__Your objective__. Print each line below verbatim, skipping every picture.

__Source data__.
┏━━

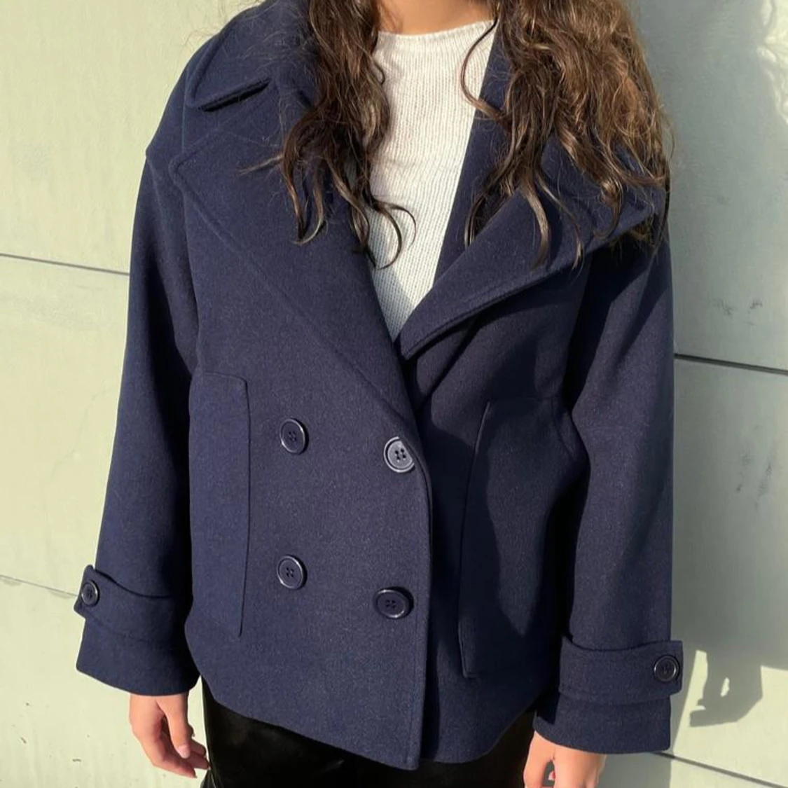 Snygg mörkblå kort kappa men som tyvärr inte kommer till användning. Nypris ca 750kr
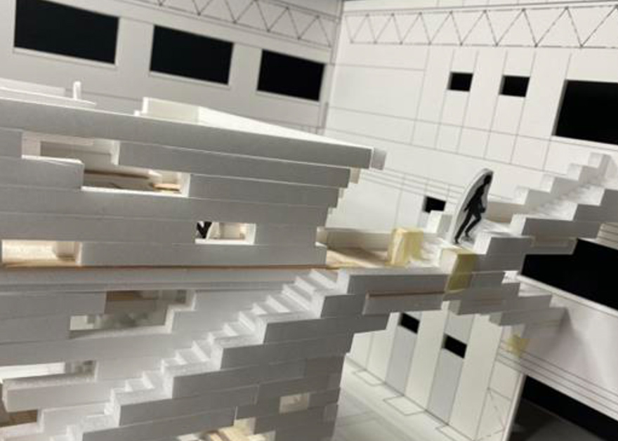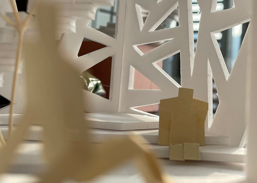 3層吹き抜けのアトリウムの中に置かれた、大胆な切り込みをもつ壁に囲まれた9M角の空間。その内部には不規則な角度を持って、時に外皮から飛び出すような小箱が宙に浮くように配置され、それぞれ個別に階段がつく。動的な空間と静的な空間が、移ろいゆく光と影の中に共存する。人工的なモノで作られ、かつ大胆な形態操作をしながらも、森の中に建つツリーハウスのような自然観を強く感じさせる点が興味深い。このような魅力や特徴が、タイトルにも反映させるとより伝わりやすい作品になったと思う。
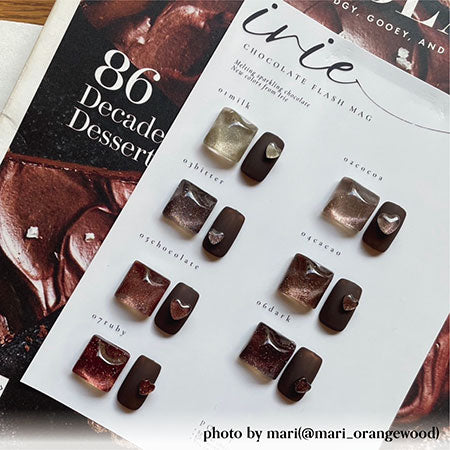 Heat with UV light or UV/LED light (hybrid light, etc.). UV... 6seconds, UV/LED... 3seconds. Melty, sparkling chocolate color

┗━━

__Finished task__.
 Snygg mörkblå kort kappa men som tyvärr inte kommer till användning. Nypris ca 750kr
 3層吹き抜けのアトリウムの中に置かれた、大胆な切り込みをもつ壁に囲まれた9M角の空間。その内部には不規則な角度を持って、時に外皮から飛び出すような小箱が宙に浮くように配置され、それぞれ個別に階段がつく。動的な空間と静的な空間が、移ろいゆく光と影の中に共存する。人工的なモノで作られ、かつ大胆な形態操作をしながらも、森の中に建つツリーハウスのような自然観を強く感じさせる点が興味深い。このような魅力や特徴が、タイトルにも反映させるとより伝わりやすい作品になったと思う。
 Heat with UV light or UV/LED light (hybrid light, etc.). UV... 6seconds, UV/LED... 3seconds. Melty, sparkling chocolate color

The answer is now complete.